Commercial announcements by Henry Morgan for Eversharp-Schick Razors & Blades, from 'The Henry Morgan Show', as heard on the American Broadcasting Company's radio network during the 1946-47 season; issued on a Command Performance Records long-play disc, number LP2, in the mid-1970s.
If the name 'Henry Morgan' might be unfamiliar to you, or familiar only from bland television game-shows such as Garry Moore's 'I've Got A Secret', on which Morgan was a regular panelist-- or call to mind only a pirate bearing the same name-- these excerpts will surprise you. You will hear a sharp-tongued 31-year-old man, a veteran of ten years in radio and of World War II Army Air Forces service, speak less-than-glowingly about his sponsor's product. Morgan called it 'kidding the sponsor', but Eversharp-Schick, and other sponsors he treated similarly, were not laughing. The audiences were, however.
And the chances are they were buying the product. For all its pseudo-scientificism, the advertising industry has never been able truly to connect the publicity it generates for a product with the sales of that product. But the first order of business is to get the product's name known. Morgan assuredly did that. And the skeptical, even critical, tone he used strikes a listener to these over-60-year-old commercials as extraordinarily modern, very sophisticated, great fun... and peculiarly persuasive.
Sorry he didn't give you his autograph, 'jd', but that's the kind of man he was. Henry wasn't that friendly to strangers, and he did have some "grudges" against several people. Morgan was the kind of guy that, if someone asked him, "Do you know what time it is?", he'd punch them right in the mouth...or, more probably snap, "Don't you have enough sense to wear a watch?".
fromthesidelines 2 months ago
I neglected to say thank you very much for this. Brings back wonderful memories of a great comic genius. He had wit, which so many today lack. But then, today they have four letter words which passes for wit and cool. How could people buy that when there are so many examples of real talent that didn't require shock to get a laff?
jdpeiper 2 months ago
@fromthesidelines And that wasn't all. Brings back memories. I met him once after a radio broadcast in NY. Anyway, he said of Lifesavers, people weren't getting their monies worth as the candy had holes in the center. He always drove his sponsors nuts. But he was brilliant. He was standoffish, and not altogether kindly I don't think. But I liked him a lot anyway. When I met him, I was a kid, had arm in a cast and asked him to sign. He refused. Said he didn't do that sort of thing.
jdpeiper 2 months ago
If you ever heard the full shows, Henry and the crew also did some funny fake commercials-for Buzkirk cars, Gull Wing Magoo private airplanes, One A Minute Vitamins and such. He even made an album or two. one was called "Music for Mad People." not sure about the titles on any other possible Morgan albums.
musicmandon1 4 months ago
Henry's first TV show, "ON THE CORNER", was on ABC in mid-1948 (but carried on the DuMont station in New York because "Channel 7" didn't sign on until that August). Admiral appliances sponsored him, but after only five weeks into a projected 13 week run, they cancelled him because they didn't like the way he ridiculed their ad copy, either. And "HENRY MORGAN'S GREAT TALENT HUNT" on NBC for Campbell's Soup in 1951- it barely had time to change its title and format before THEY canned the show..

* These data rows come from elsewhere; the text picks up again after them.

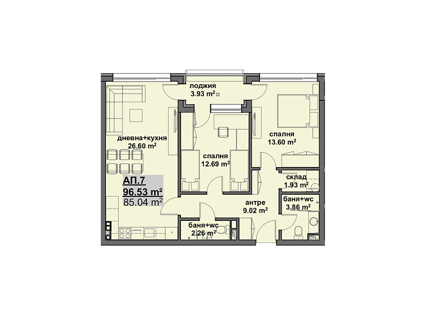 В комплексе представлены квартиры различных форматов: Компактные студии; Уютные однокомнатные; Просторные двухкомнатные квартиры. Площади — от 46 м². Каждая планировка — с возможностью индивидуального дизайна.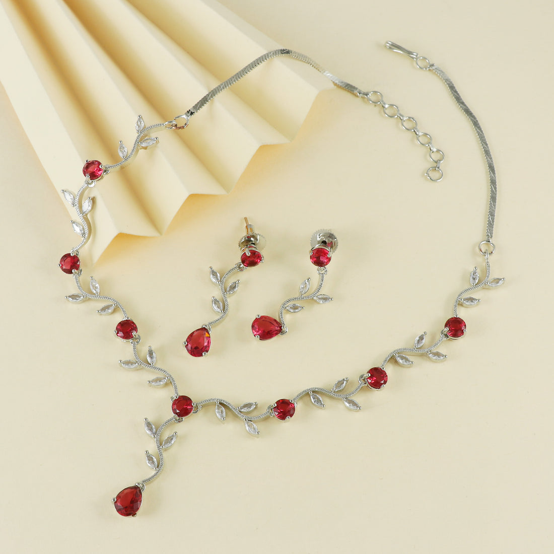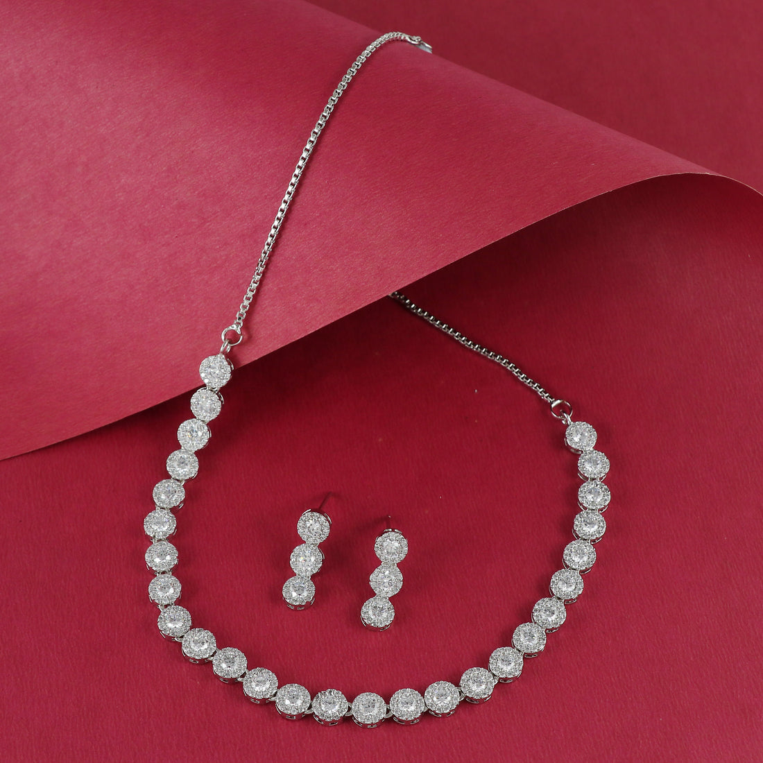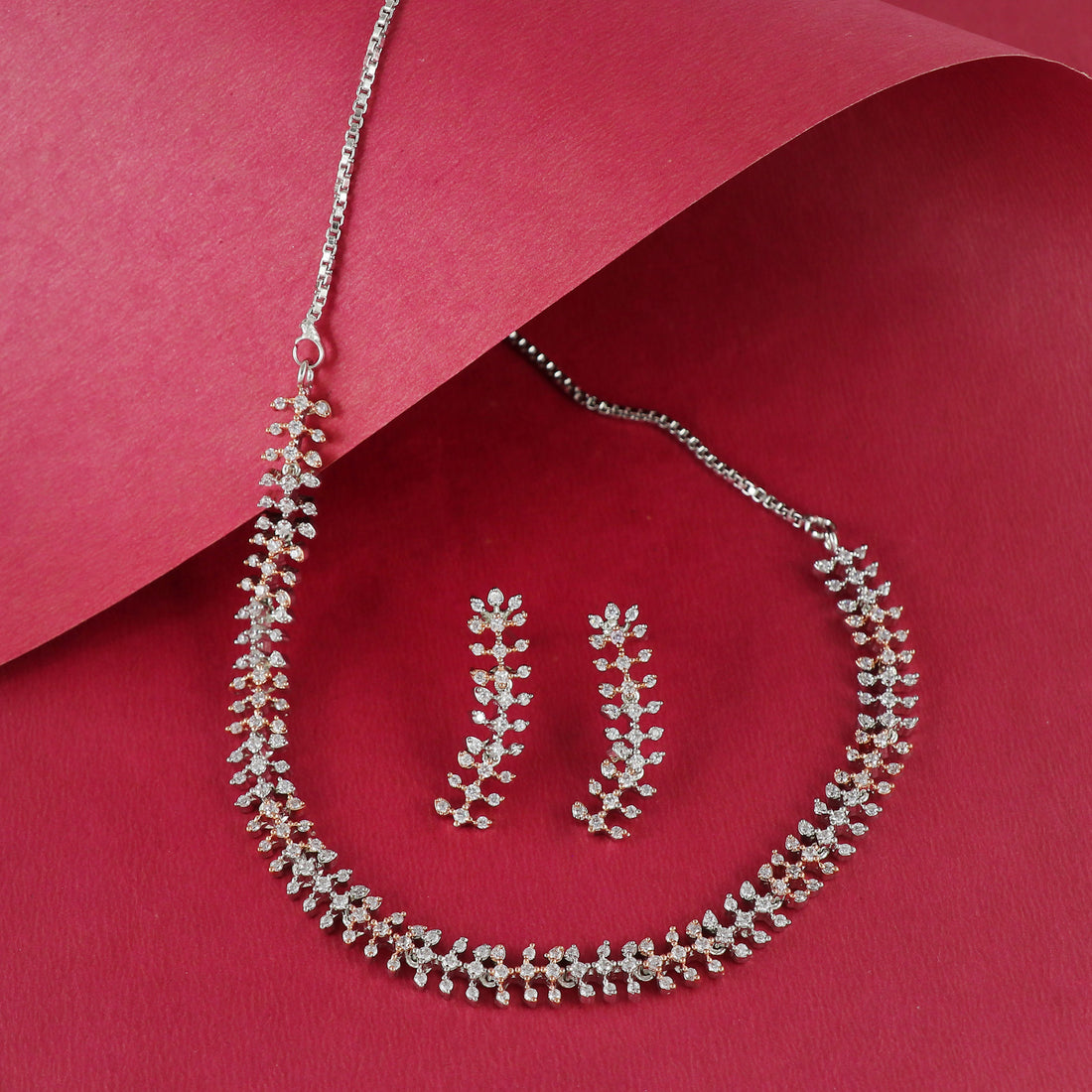 A refined necklace set adorned with sparkling AD stones, crafted on a brass base with...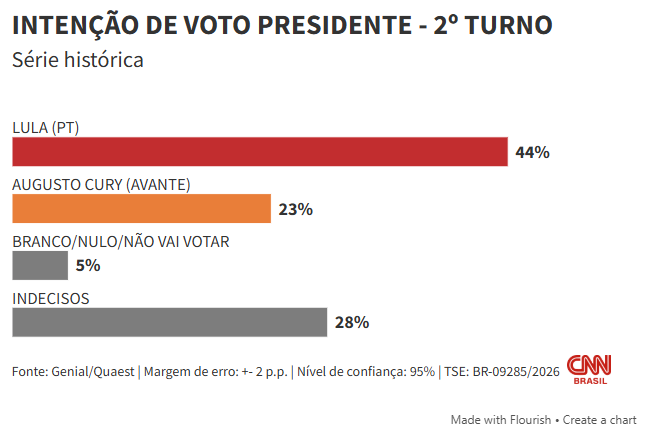 Por fim, um cenário com o psiquiatra Augusto Cury (Avante), Lula tem 44% e Cury, 23%.
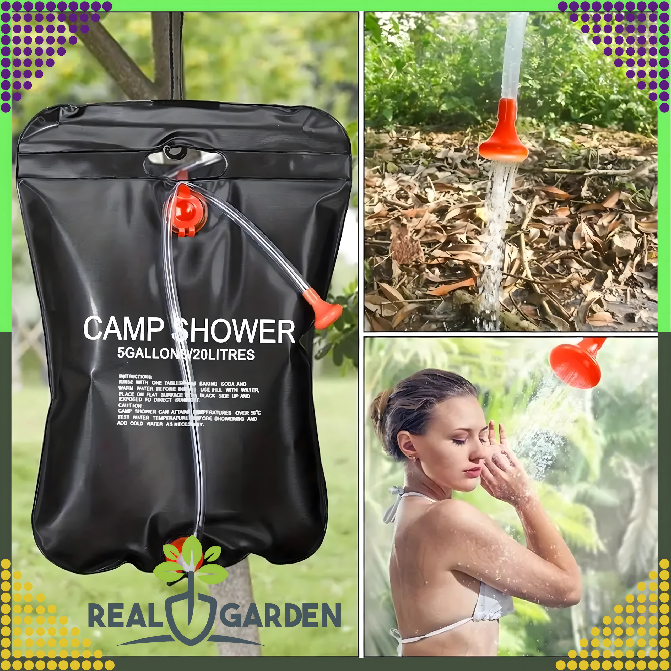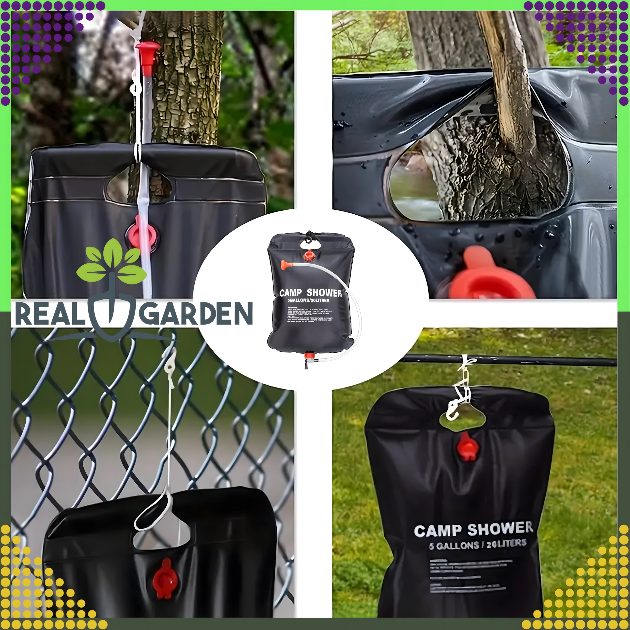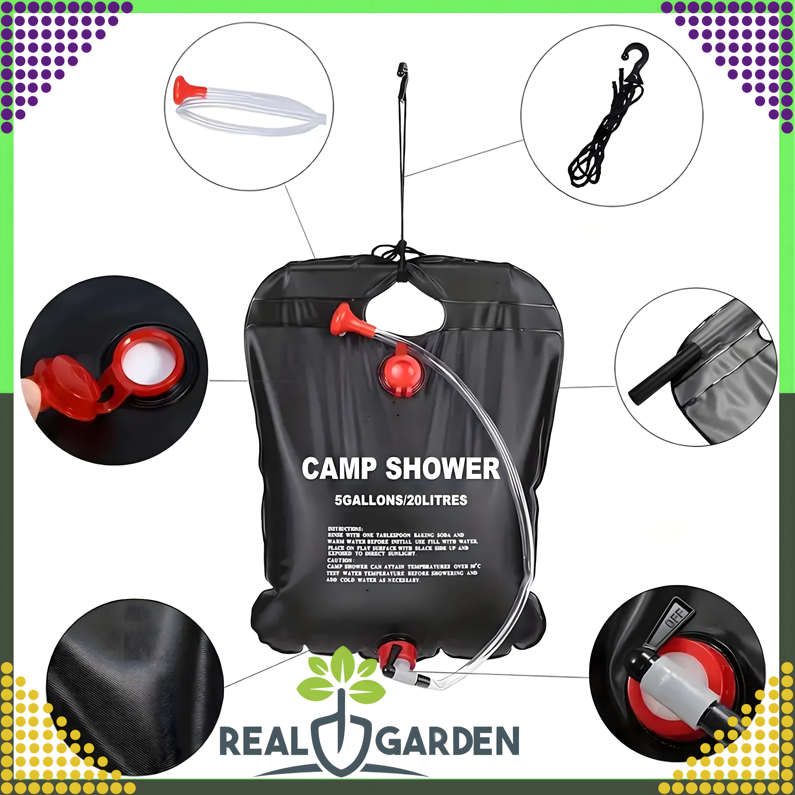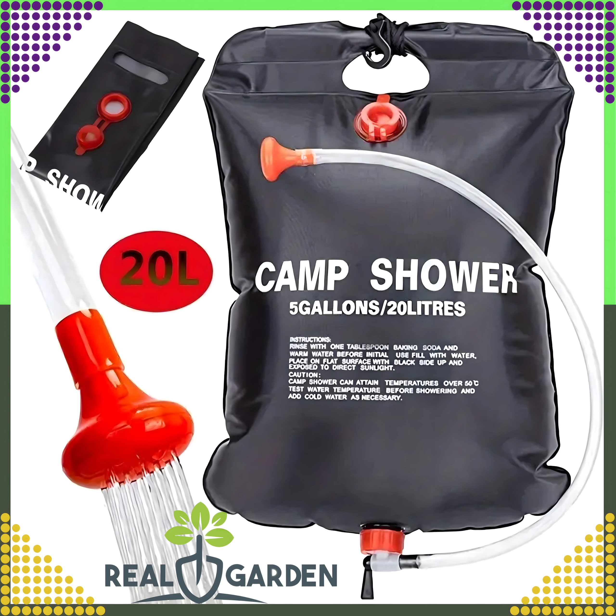 A zuhany erős akasztófüllel és praktikus zuhanyfejjel van felszerelve, ami kényelmes használatot biztosít a kempingben, vízparton vagy a kertben.
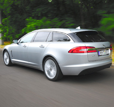Ugyanakkor vezetés közben kellemes meglepetés ért, ez a Jaguar ugyanis a vetélytársaihoz viszonyítva nagyon is közvetlennek hat. Direkt kormányzás és feszes futómű szerezhet kellemes perceket a sofőrnek, mondom ezt annak ellenére, hogy a tesztautóban 163 lóerős motor munkálkodott. Az XF Sportbrake-hez nem választhatunk benzinmotort, vagyis le kell mondanunk a limuzin V6-os (340 LE) és V8-as (510 és 550 LE) kompresszoros erőgépeiről, helyette a 2,2-es dízel 163 vagy 200 lóerővel, illetve a 3,0 literes, V6-os gázolajos áll rendelkezésre – utóbbi 240 vagy 275 lóerős lehet. Azonban bármennyire nem tűnik soknak a 163 lóerő, a PSA-eredetű egység 400 Nm-es nyomatéka elegendő erőtartalékkal ruházza fel az autót, s aki nem akar a német autópályán 200 felett száguldani, annak ez is bőven megteszi.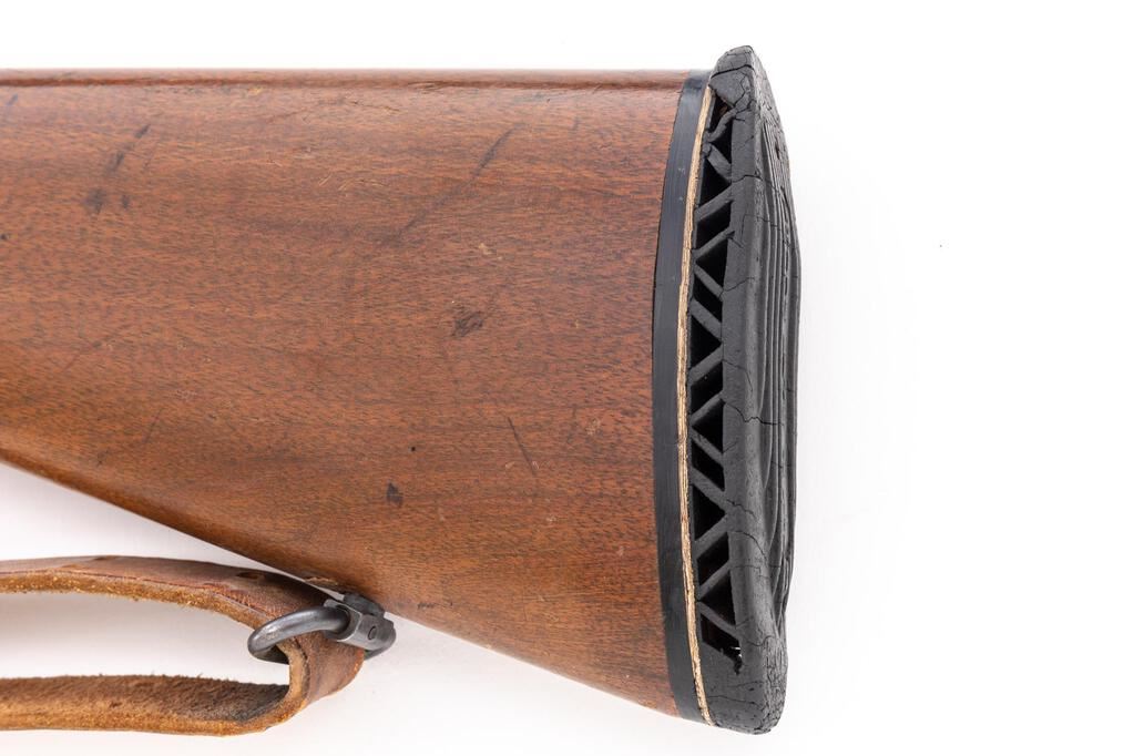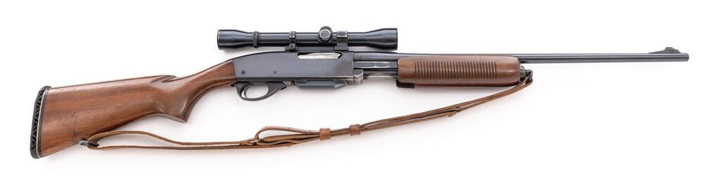 Remington Model 760 Game Master Slide Action Rifle, #230069, .270 Win. cal., 22" round barrel, factory dovetailed steel bead blade front sight with the rear sights removed and left vacant, blue finish, smooth wood two-piece pistol grip stock, detachable box magazine, sling swivels, and a period leather military style rifle sling. Topped with Redfield one-piece base and rings, with a matte finished Weaver steel tube K4 fixed-power scope with fine wire crosshairs providing crisp, clear optics. Rifle mfg'd 1954. Rifle is in very good overall condition retaining approx. 90% thinning blue finish, with light wear at the muzzle and small scratches along the barrel. Receiver shows significant toning blue finish with thinning and edgewear, particularly on the underside. Smooth wood stocks are in very good condition with scrapes and mars consistent with field use. Buttstock has been cut and ends with a deteriorated ventilated rubber recoil pad providing a 12.75" LOP; 12.25" to end of wood. Action works smoothly, bore is good with defined rifling. Est.: $500-$750. (C&R)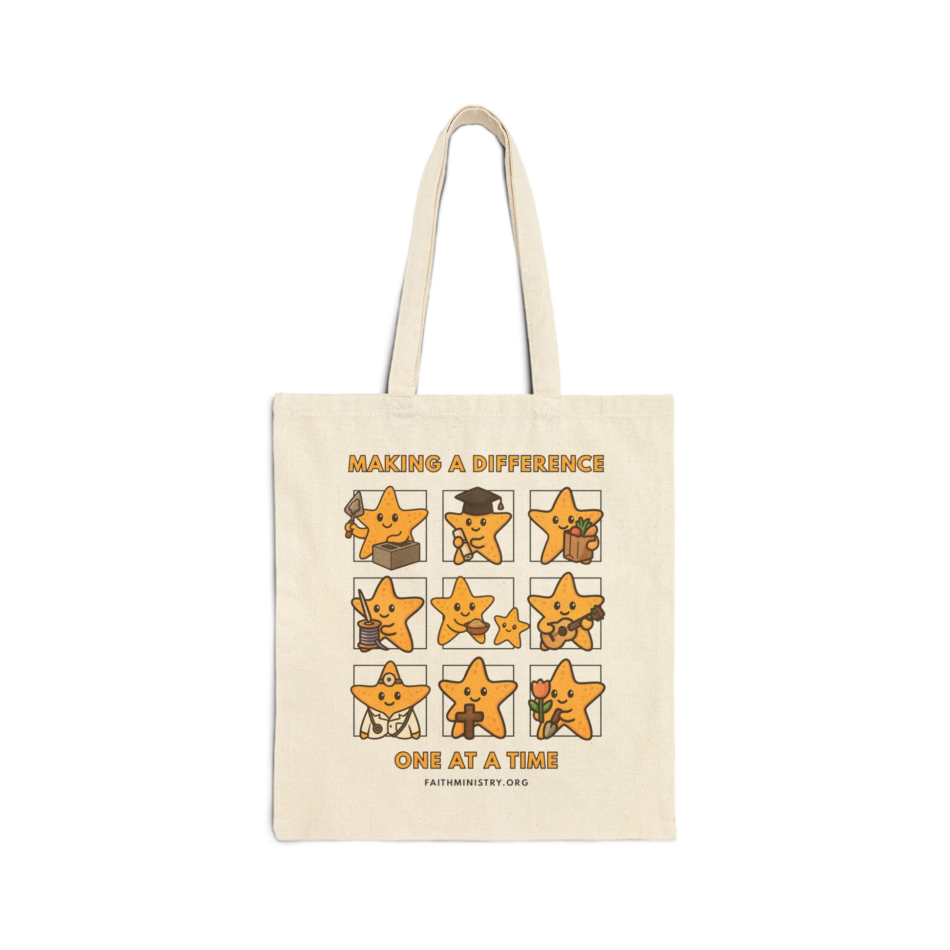 The tote is 15"x16" and made from 100% durable cotton canvas for long-lasting use

fromthesidelines 9 months ago
Others, like Life Savers, dropped his show after he declared he was going to market the leftover mints that originally filled their "Hole In The Middle"-as "Morgan's Mint Middles". Eversharp put up with him for about a season and a half before they finally decided they were sick of his attitude towards their ad copy as well, and cancelled him. He went through at least two other sponsors before his radio show finally ended in 1950 {his last was an early Sunday evening "sustainer" on NBC}.
fromthesidelines 9 months ago
If there was one thing Henry Morgan did NOT like, it was "professional ad copy". That's why he often poked fun at his various sponsors' methods of selling their products, as early as his quarter-hour WOR/Mutual show, "HERE'S MORGAN". Some of those sponsors, like Adler Shoes, liked his "cynical" style of selling the product [he coined the phrase, "Old Man Adler", which stuck long after he stopped selling their "elevator shoes"]....
fromthesidelines 9 months ago
Wow...thank you. I remember seeing Henry Morgan on TV when I was a kid. Didn't get him then, of course. Thank goodness for a coworker in 1978 who said, "Remember that comedian on TV? Who always had a BAD word for everyone? Henry Morgan?" Greatest crank ever. Haha.... thank you for posting.
JeffW77 9 months ago
One of the wittiest and most sardonic comedians that ever lived.
Henry was a genius in his own kind of way. he's missed, ... so is the ero
to which he belonged.
lenbenhear 1 year ago
SmilingPessimist -- are you the incarmation of Henry Morgan because that was his persona too. I remember Henry Morgan from radio, television, and MAD magazine. I loved him. Thanks for posting this.